#### WORK REQUIRED
Repeat exactly the lines below that lie between the line with "Sie können das" and the line with "Casa en B nayar", counting both of those lines as part of the answer.

#### GIVEN INFORMATION
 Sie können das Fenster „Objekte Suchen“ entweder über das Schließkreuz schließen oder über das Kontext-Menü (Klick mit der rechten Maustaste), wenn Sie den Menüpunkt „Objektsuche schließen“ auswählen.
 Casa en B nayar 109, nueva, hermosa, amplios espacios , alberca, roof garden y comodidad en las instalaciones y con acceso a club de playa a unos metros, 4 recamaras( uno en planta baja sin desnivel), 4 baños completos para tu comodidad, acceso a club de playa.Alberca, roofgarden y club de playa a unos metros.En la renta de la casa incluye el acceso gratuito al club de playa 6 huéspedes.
--
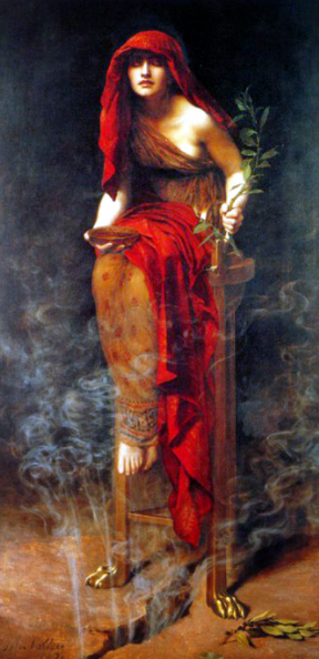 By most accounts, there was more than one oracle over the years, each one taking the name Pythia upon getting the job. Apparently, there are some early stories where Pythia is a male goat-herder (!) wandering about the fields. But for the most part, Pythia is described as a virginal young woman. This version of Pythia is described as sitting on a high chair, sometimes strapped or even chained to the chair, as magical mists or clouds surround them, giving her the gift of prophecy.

#### TASK SOLUTION
 Sie können das Fenster „Objekte Suchen“ entweder über das Schließkreuz schließen oder über das Kontext-Menü (Klick mit der rechten Maustaste), wenn Sie den Menüpunkt „Objektsuche schließen“ auswählen.
 Casa en B nayar 109, nueva, hermosa, amplios espacios , alberca, roof garden y comodidad en las instalaciones y con acceso a club de playa a unos metros, 4 recamaras( uno en planta baja sin desnivel), 4 baños completos para tu comodidad, acceso a club de playa.Alberca, roofgarden y club de playa a unos metros.En la renta de la casa incluye el acceso gratuito al club de playa 6 huéspedes.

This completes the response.